ENTRIES SUPPLIED START

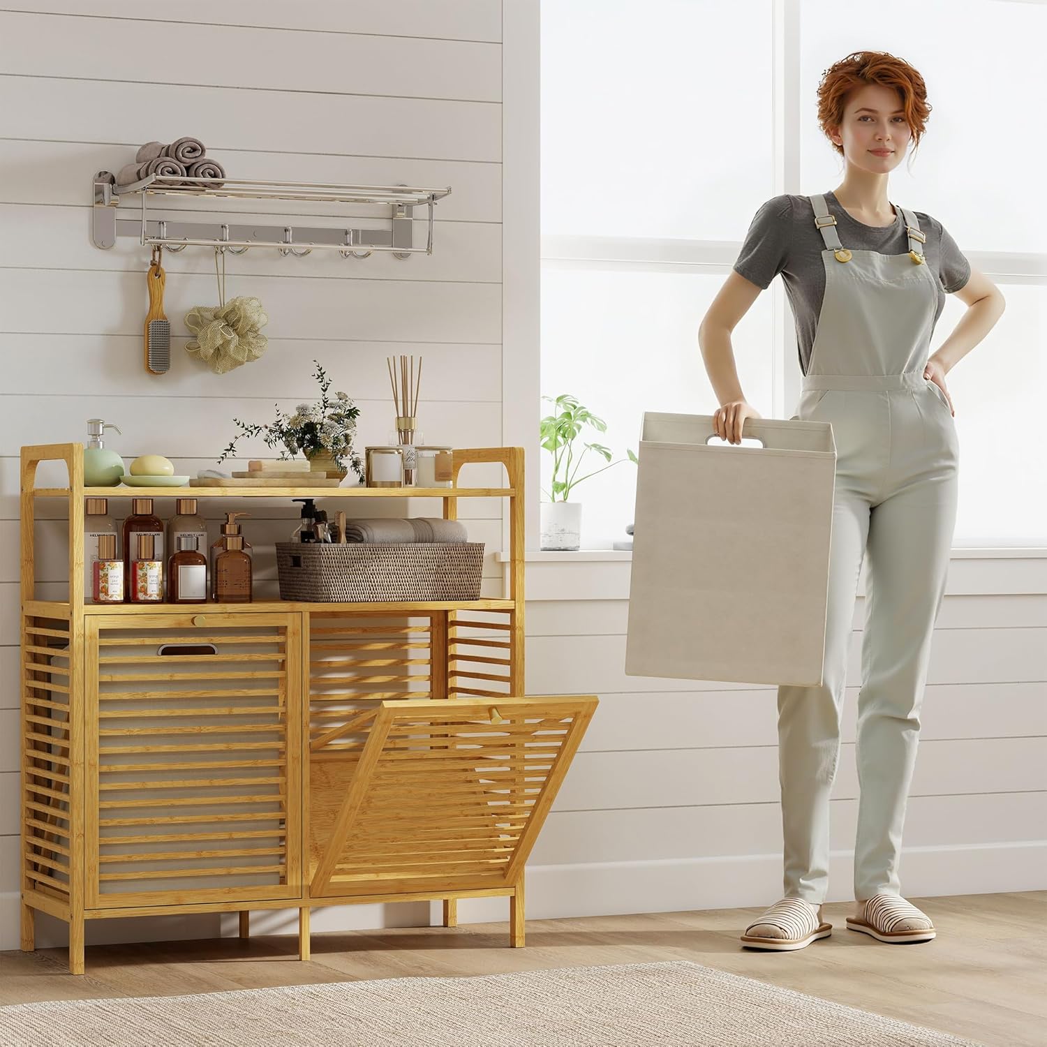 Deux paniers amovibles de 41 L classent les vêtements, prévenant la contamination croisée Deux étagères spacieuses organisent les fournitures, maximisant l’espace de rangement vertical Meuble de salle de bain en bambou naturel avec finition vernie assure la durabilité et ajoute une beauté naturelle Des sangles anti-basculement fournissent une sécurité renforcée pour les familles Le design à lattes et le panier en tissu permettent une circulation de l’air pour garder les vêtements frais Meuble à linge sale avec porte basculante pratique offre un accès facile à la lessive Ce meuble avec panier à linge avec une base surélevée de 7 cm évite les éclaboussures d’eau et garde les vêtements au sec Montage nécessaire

ENTRIES SUPPLIED END
ENTRIES SUPPLIED START

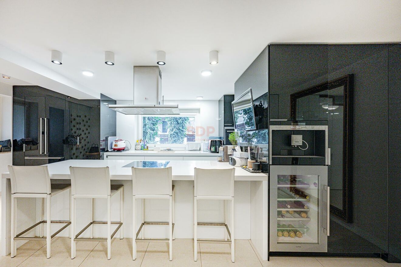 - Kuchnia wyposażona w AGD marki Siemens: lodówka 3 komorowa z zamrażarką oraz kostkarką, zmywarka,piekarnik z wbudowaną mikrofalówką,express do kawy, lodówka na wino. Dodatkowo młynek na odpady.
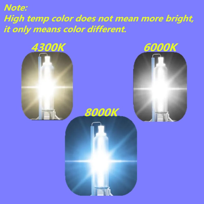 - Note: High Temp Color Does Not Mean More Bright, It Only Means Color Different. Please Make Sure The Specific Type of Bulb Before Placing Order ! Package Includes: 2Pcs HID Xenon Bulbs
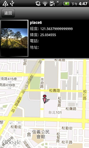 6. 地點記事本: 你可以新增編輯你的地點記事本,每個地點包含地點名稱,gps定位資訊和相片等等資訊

ENTRIES SUPPLIED END

● **ASSIGNMENT**
Above are some records; quote exactly and only the lines that begin at the line containing "- Note: High" and stop after the line containing "6. 地點記事本: 你可以新增編輯你的地點記事本,每個地點包含地點名稱,gps定位資訊和相片等等資訊", leaving out the pictures.

● **RESULT**
 - Note: High Temp Color Does Not Mean More Bright, It Only Means Color Different. Please Make Sure The Specific Type of Bulb Before Placing Order ! Package Includes: 2Pcs HID Xenon Bulbs
 6. 地點記事本: 你可以新增編輯你的地點記事本,每個地點包含地點名稱,gps定位資訊和相片等等資訊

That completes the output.